Sexton recalls that during drilling in the mid-1980s "the company cut a big swath right through the Blackleaf Wildlife Management Area, and what they did was ... completely inappropriate. The drilling certainly didn't produce a boom here - it was more like a blip," she adds. "Agriculture is the main thing here."
The Blackleaf Wildlife Management Area was where, in May, biologists collared an 850-pound grizzly bear, the largest ever recorded south of Canada.
On the Canadian Rocky Mountain Front, in the same geological formations, is the Pincher Creek Gas Field, which has produced up to 150 million cubic feet of gas per day. In August 1997, Bob Schalla, a geologist, told a reporter for The Washington Post, "Everything they have in Alberta that gives them these huge gas fields is in Montana."
Shell Oil Co. built a massive sweetening plant in the Pincher Creek area in 1957, and another between Pincher Creek and Waterton National Park in the '60s.

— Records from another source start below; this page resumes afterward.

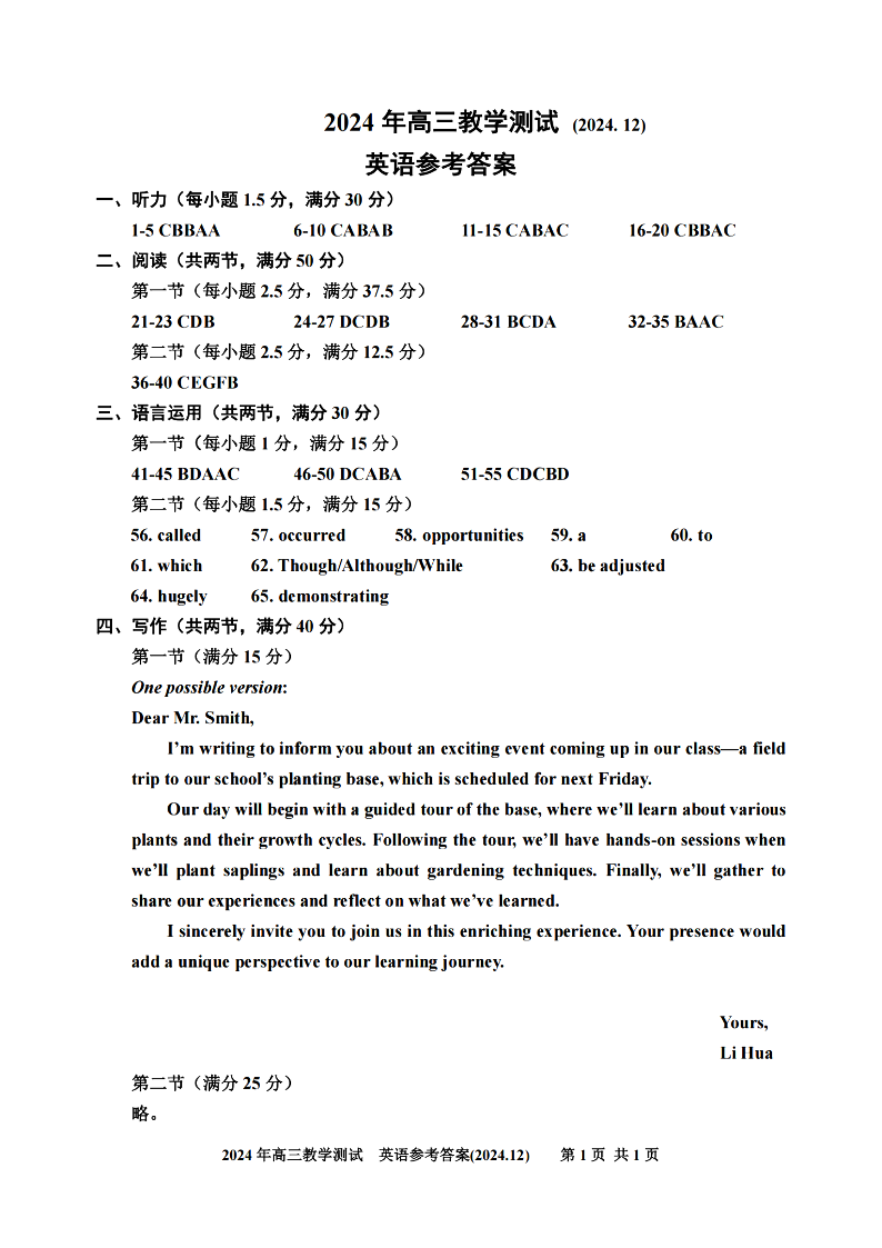 浙江省嘉兴市2024年12月高三教学测试 英语答案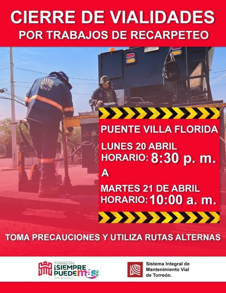 Torreón, Coahuila.- Con la finalidad de reforzar los últimos detalles de la obra del Sistema Vial Villa Florida, este lunes el personal del Sistema Integral de Mantenimiento Vial (SIMV), realizará trabajos de colocación de micro carpeta debajo del puente, motivo por el cual se implementará el cierre de esta vialidad en horario nocturno.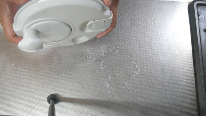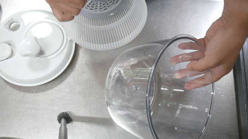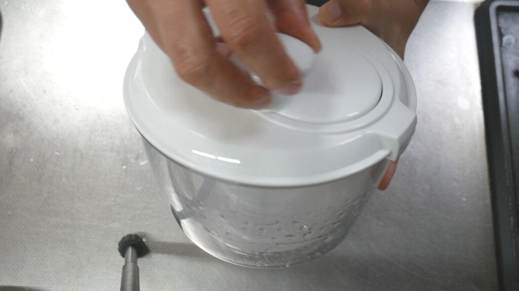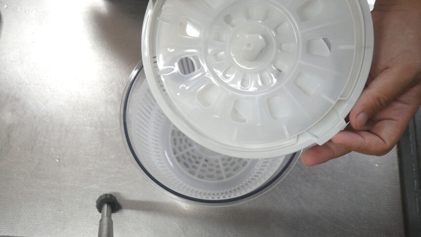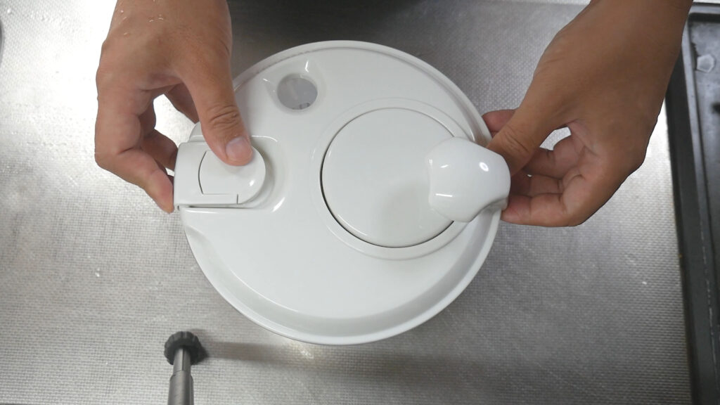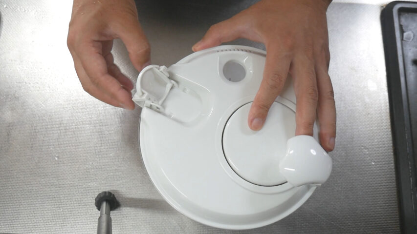 蓋の仕方は、左手の人差し指で触っている部分を下のボウルに引っ掛けて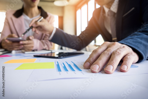 Team work process. young business managers crew working with new startup project. labtop on wood table, typing keyboard, texting message, analyse graph plans.
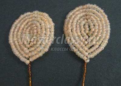 В 3 ряду используем уже 3 штуки бисера. 4-й ряд плетется аналогично. Чтобы сплести рядки с 5 по 10, необходимо нанизать по 2 бисера. В 11 и 12 ряд набираем по одной штуке бисера и протягиваем другой конец проволоки. Скручиваем концы. Необходимо сделать 2 такие заготовки.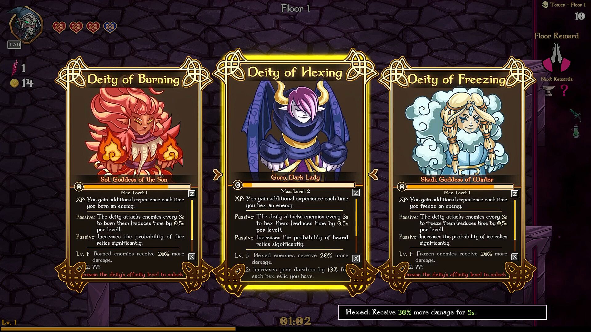 You will be gifted by a deity of your choice to improve your runs substantially. Let’s say you choose Sol, the fire deity. This means, the probability of fire relics will drastically increase, so synergies will be more available.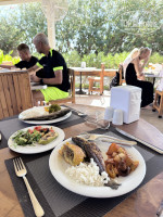 Там полноценно можно покушать - есть несколько горячих блюд, суп, салаты, фрукты, сыр, десерты.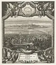Le 7 juin, les 1 200 derniers défenseurs sortent de Dole avec armes, bagages et mèches allumées en défilant avec fierté devant le dauphin, la reine et la cour de France. Louis XIV s'engage à respecter les immunités et privilèges de la ville[4].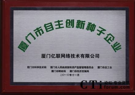 根據(jù)國(guó)家科技部、國(guó)務(wù)院國(guó)資委和全國(guó)總工會(huì)三部委制定的“創(chuàng)新型企業(yè)試點(diǎn)工作實(shí)施方案”和廈門市“技術(shù)創(chuàng)新引導(dǎo)工程實(shí)施方案”具體要求,市科技局、市國(guó)資委、市總工會(huì)、市財(cái)政局、市經(jīng)發(fā)局聯(lián)合開(kāi)展了2010年廈門市自主創(chuàng)新示范、試點(diǎn)、種子企業(yè)評(píng)選工作。經(jīng)專家評(píng)審和市五部門聯(lián)合審核后,廈門億聯(lián)網(wǎng)絡(luò)技術(shù)有限公司(以下簡(jiǎn)稱億聯(lián))憑借科技、環(huán)保的產(chǎn)品和強(qiáng)大的研發(fā)實(shí)力獲得了廈門市自主創(chuàng)新種子企業(yè)獎(jiǎng)。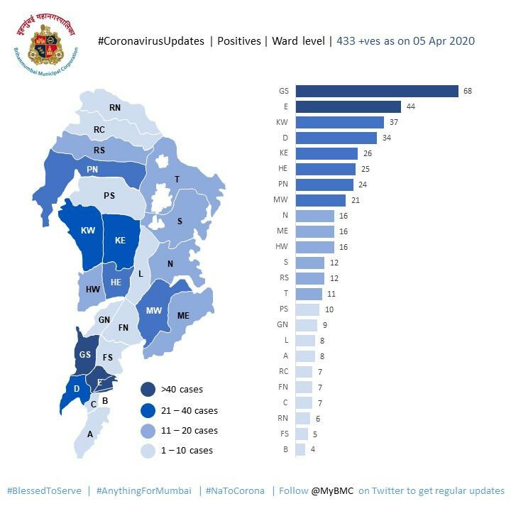 As of Sunday, April 5, 2020, 433 positive cases were identified in the city, out of which many were from Andheri West and East. While most cases were reported from Worli and Prabhadevi areas, other localities like Grant Road and Andheri were also on the top of the list with many cases. Here's a ward-wise list released by the BMC.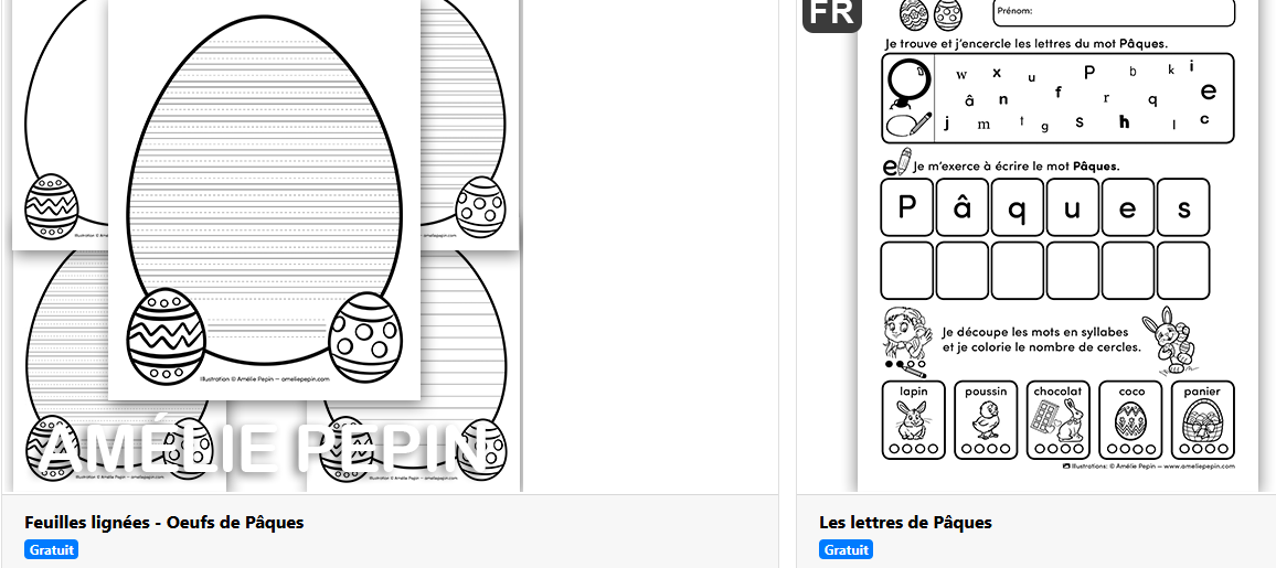Connaissez-vous le site d’Amélie Pépin ? C’est une véritable mine d’or pour les activités FLE ! Il y a une boutique, mais si vous appliquez le filtre GRATUIT, vous trouverez de nombreuses ressources sur tous les thèmes. Pour Pâques, Amélie Pepin propose des coloriages, des jeux de vocabulaire, des exercices de compréhension de lecture, ainsi que des activités ludiques comme des jeux de différences et des exercices pour travailler la prononciation.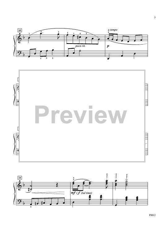 This piece opens with bold octaves in both hands then moves to a lyrical melody. In the key of D minor, the technical demands are L.H. arpeggios, chord inversions, and octaves.
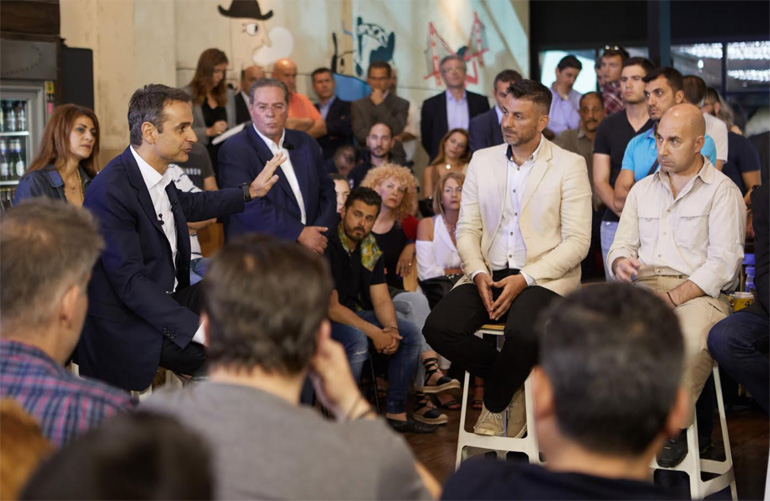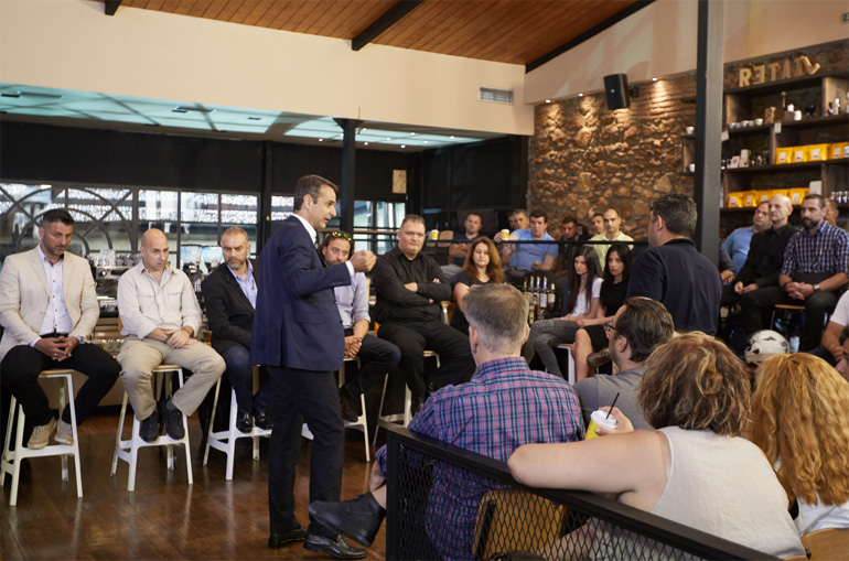 Κατά τη διάρκεια της συνομιλίας του με τους εργαζόμενους, ο κ. Μητσοτάκης επανέλαβε τη δέσμευσή του για μείωση της φορολογίας με ταυτόχρονη μείωση των κρατικών δαπανών, προκειμένου να δημιουργηθεί δημοσιονομικός χώρος. Τόνισε, ότι η Ελλάδα έχει ανάγκη μια αξιόπιστη Κυβέρνηση που θα μπορέσει να διαπραγματευτεί και να πετύχει μείωση των πρωτογενών πλεονασμάτων, ενώ υπογράμμισε ότι ο μόνος δρόμος για να δημιουργηθούν νέες θέσεις εργασίας είναι η προσέλκυση ιδιωτικών επενδύσεων.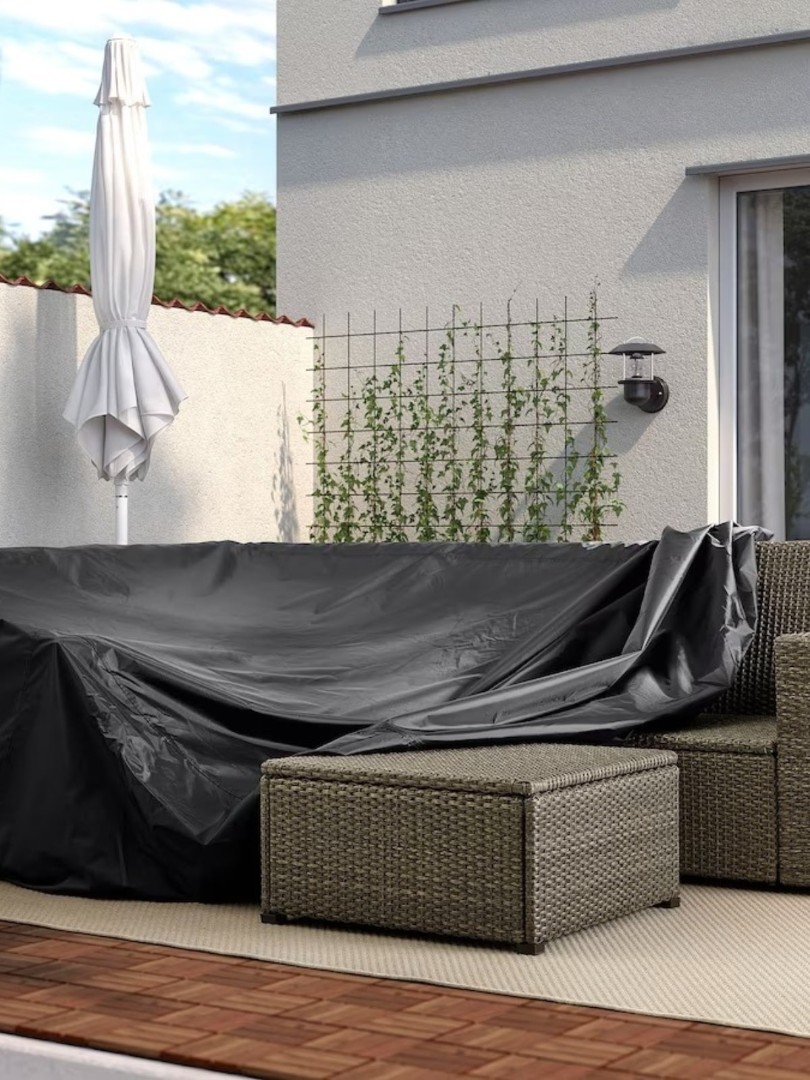 Чтобы чехол оставался на месте в ветреные дни, затяните нижнюю часть с помощью шнурка который продет по всему периметру ткани и заправьте нижние края под углы мебели.

"Up until the last 10 years Shell contributed about half of all our [town's] total revenue, and our annual budget is $8 million. Now, their contribution is down to about 25 percent.... But they are still the largest single employer," says Matt Bonertz, director of finance for Pincher Creek Municipal District. He says Shell has been "a good corporate citizen." However, there's been plenty of controversy, he says, especially over the dangers of sour gas. Shell recently announced plans to expand oil and gasexploration east of Pincher Creek.
Ironically, Pincher Creek represents much of what some Montanans fear the most. "All you have to do is drive up there to Canada to see what could happen to us," says Stony Burke, a lawyer who lives in Choteau.
Pincher Creek inspired Flora's decision to place a moratorium on exploration in the Lewis and Clark reserve. "The Canadians have mined one of the most beautiful landscapes in the world, destroyed their wildlife, taken it from the future ... and they show no sign of stopping," she says.